DATA FOR PROCESSING Start Marker
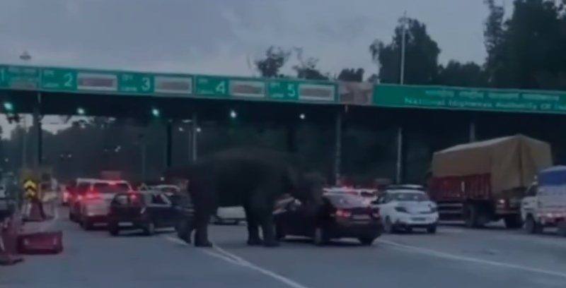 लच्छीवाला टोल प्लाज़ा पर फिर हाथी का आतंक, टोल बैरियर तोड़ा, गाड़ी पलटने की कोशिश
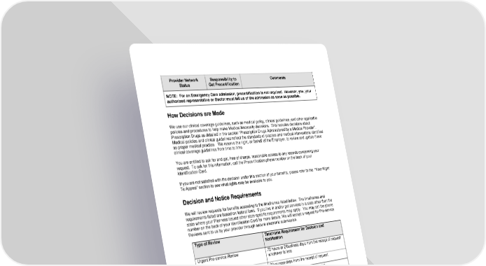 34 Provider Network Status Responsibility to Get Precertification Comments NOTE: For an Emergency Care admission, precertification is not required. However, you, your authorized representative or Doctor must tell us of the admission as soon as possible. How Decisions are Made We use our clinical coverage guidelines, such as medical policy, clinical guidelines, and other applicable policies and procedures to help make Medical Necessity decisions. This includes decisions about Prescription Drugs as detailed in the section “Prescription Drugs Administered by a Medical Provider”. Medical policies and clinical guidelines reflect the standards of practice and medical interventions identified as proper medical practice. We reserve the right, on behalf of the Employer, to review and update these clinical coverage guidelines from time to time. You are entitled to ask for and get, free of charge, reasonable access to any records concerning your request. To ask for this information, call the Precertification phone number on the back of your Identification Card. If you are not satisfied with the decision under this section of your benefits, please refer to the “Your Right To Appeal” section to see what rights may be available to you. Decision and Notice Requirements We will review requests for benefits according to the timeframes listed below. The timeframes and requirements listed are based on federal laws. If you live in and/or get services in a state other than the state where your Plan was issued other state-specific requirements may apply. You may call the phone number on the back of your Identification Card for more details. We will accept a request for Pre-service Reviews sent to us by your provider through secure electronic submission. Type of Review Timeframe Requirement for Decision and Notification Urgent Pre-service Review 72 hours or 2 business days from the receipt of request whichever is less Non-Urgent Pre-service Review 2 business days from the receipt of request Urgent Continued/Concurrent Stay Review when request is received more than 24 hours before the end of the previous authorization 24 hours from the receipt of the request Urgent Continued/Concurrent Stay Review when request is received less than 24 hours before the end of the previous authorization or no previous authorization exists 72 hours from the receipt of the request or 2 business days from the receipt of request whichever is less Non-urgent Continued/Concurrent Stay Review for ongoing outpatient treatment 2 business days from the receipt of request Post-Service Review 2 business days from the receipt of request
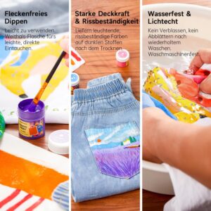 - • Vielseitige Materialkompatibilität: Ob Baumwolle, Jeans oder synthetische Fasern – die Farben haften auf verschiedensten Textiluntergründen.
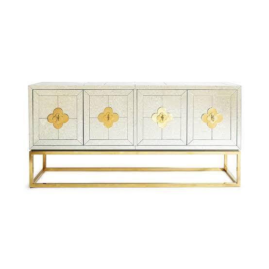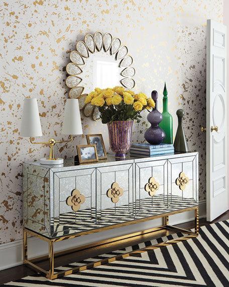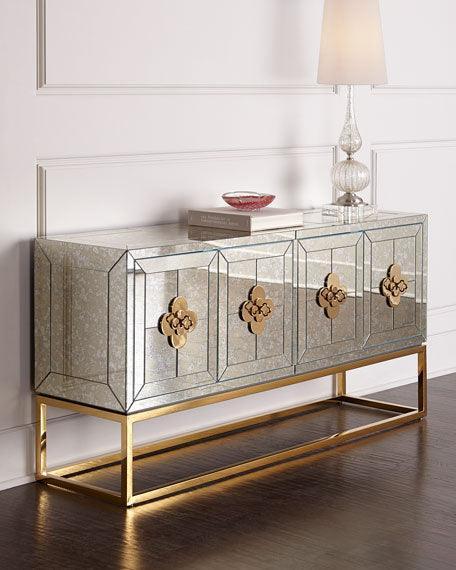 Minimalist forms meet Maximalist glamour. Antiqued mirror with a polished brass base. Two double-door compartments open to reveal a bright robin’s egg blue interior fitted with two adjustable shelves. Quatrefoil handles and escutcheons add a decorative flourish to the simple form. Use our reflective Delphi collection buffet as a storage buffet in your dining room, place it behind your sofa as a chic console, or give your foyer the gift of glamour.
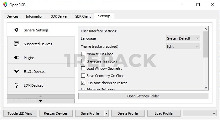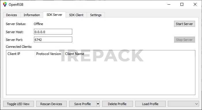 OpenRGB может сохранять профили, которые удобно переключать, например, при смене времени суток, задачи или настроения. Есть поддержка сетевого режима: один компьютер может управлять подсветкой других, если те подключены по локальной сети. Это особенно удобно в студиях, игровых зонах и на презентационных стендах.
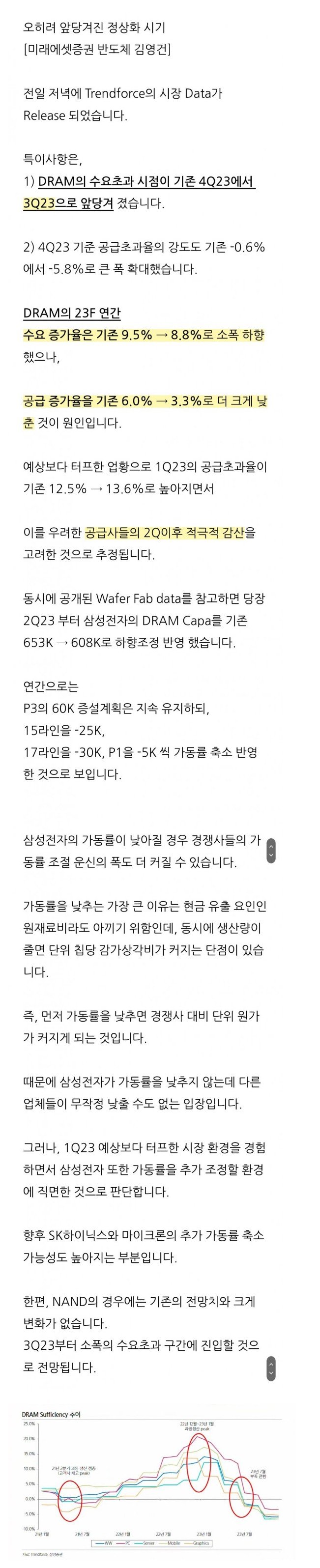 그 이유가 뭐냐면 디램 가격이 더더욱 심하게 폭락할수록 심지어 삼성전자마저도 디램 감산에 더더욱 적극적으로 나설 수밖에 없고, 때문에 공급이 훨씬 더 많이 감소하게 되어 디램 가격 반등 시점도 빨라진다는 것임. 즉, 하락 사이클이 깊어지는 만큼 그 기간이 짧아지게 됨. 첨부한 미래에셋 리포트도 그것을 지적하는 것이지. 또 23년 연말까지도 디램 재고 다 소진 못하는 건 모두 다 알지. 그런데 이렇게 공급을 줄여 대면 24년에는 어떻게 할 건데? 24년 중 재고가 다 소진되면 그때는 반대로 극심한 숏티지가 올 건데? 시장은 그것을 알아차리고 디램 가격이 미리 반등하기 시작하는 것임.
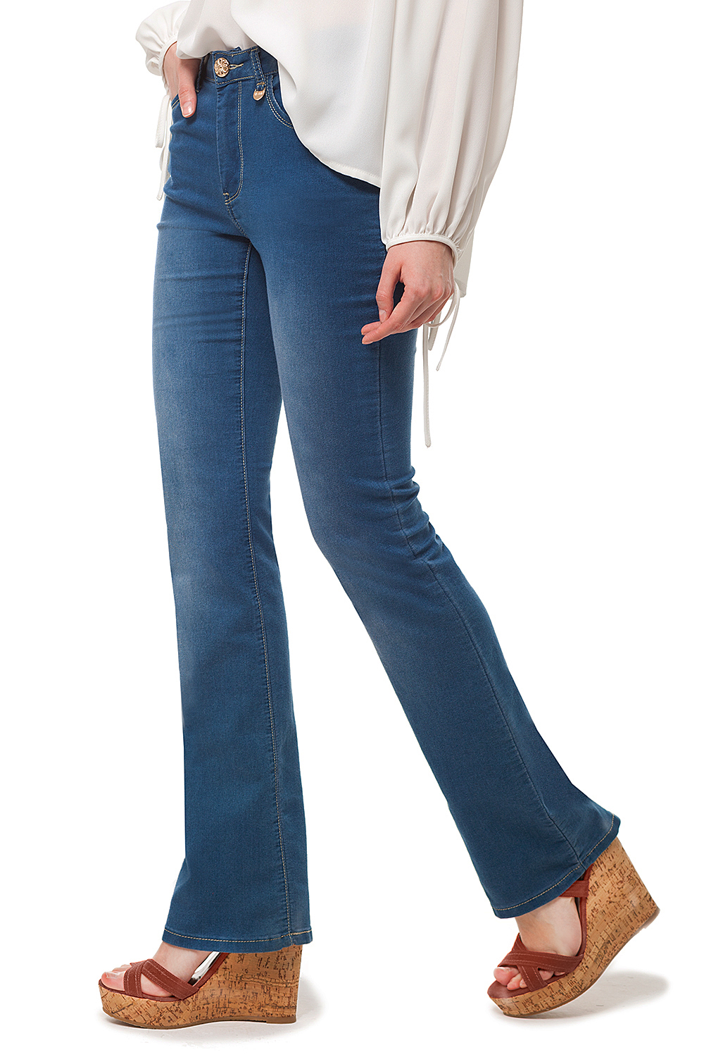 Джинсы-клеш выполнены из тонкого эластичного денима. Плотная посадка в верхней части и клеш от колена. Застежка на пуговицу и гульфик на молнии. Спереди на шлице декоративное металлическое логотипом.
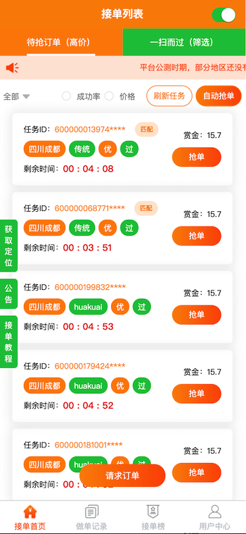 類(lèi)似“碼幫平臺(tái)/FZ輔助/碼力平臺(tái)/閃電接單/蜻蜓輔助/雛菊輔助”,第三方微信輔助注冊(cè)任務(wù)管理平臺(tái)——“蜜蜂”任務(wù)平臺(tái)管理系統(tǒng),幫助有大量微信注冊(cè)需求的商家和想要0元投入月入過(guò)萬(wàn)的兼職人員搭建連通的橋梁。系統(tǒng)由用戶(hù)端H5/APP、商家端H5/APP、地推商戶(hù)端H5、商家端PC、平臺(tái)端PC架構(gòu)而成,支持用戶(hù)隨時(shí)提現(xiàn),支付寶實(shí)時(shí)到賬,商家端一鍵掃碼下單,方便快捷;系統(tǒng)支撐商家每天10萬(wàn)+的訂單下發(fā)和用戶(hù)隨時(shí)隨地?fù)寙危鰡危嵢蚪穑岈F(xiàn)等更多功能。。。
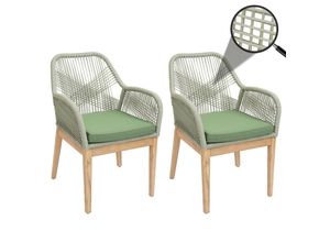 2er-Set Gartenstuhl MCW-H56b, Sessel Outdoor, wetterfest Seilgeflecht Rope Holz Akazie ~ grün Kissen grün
DATA FOR PROCESSING End Marker
DATA FOR PROCESSING Start Marker
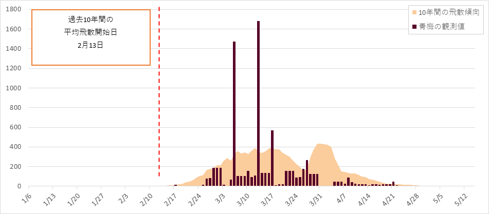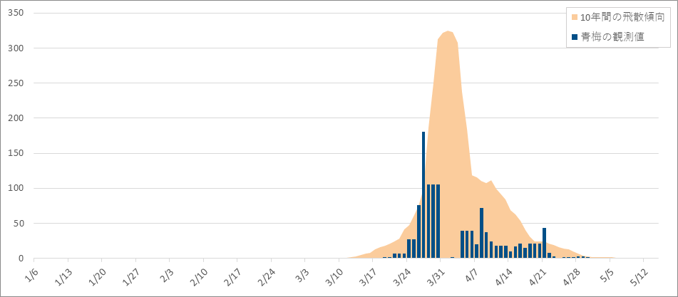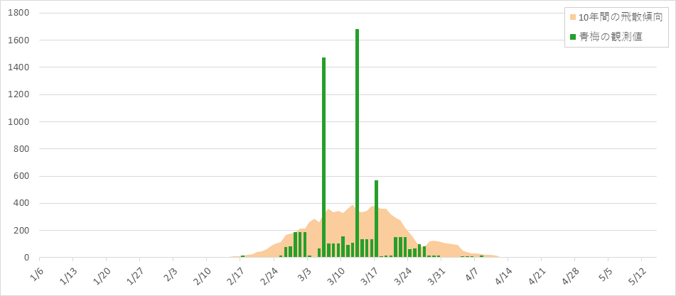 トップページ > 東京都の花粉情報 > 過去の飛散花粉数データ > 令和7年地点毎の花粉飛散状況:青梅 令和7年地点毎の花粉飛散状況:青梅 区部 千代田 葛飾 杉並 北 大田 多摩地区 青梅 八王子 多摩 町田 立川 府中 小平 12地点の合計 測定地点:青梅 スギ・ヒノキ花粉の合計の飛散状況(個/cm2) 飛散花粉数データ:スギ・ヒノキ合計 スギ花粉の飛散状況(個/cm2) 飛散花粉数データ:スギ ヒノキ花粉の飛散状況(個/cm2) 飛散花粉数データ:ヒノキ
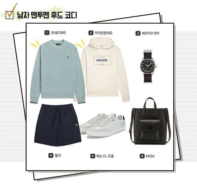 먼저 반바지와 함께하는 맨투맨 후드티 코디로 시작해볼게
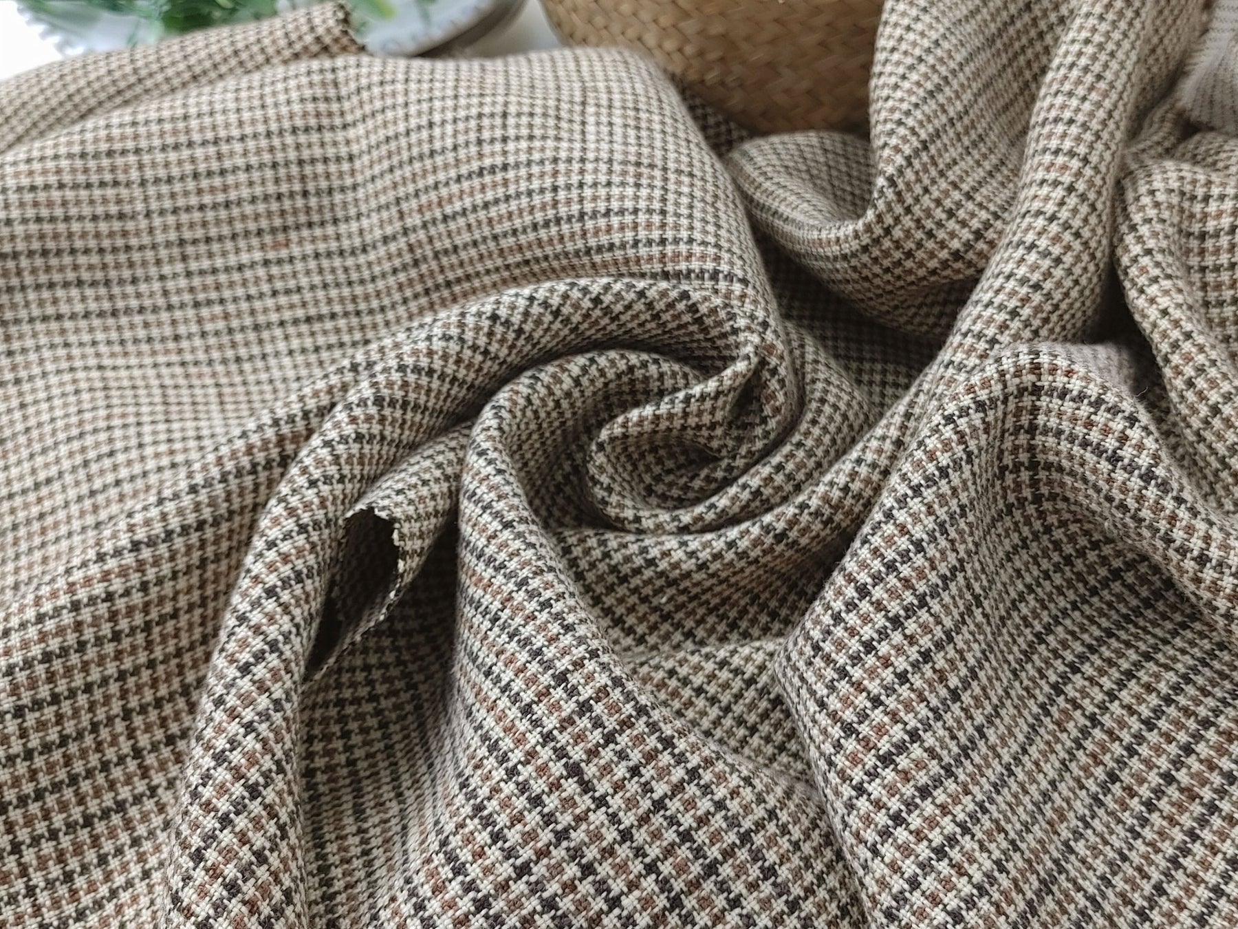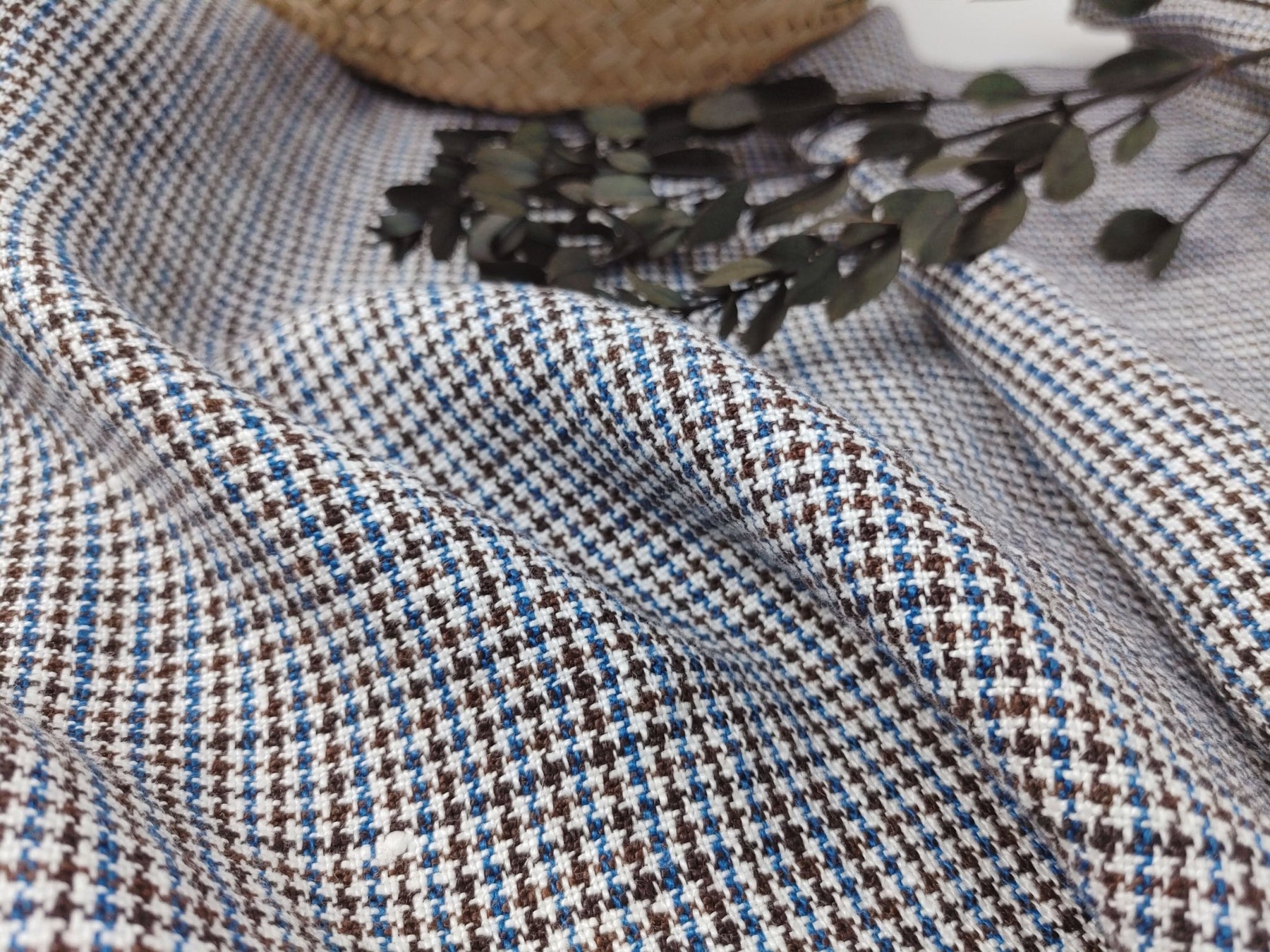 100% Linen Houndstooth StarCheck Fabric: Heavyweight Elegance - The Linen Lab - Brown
DATA FOR PROCESSING End Marker
**WORK ITEM:**
Only the lines starting at the one with "- • Vielseitige" and ending at the one with "Minimalist forms meet" should be printed, each exactly as it appears in the material above; the pictures are to be omitted.

**COMPLETED TASK:**
 - • Vielseitige Materialkompatibilität: Ob Baumwolle, Jeans oder synthetische Fasern – die Farben haften auf verschiedensten Textiluntergründen.
 Minimalist forms meet Maximalist glamour. Antiqued mirror with a polished brass base. Two double-door compartments open to reveal a bright robin’s egg blue interior fitted with two adjustable shelves. Quatrefoil handles and escutcheons add a decorative flourish to the simple form. Use our reflective Delphi collection buffet as a storage buffet in your dining room, place it behind your sofa as a chic console, or give your foyer the gift of glamour.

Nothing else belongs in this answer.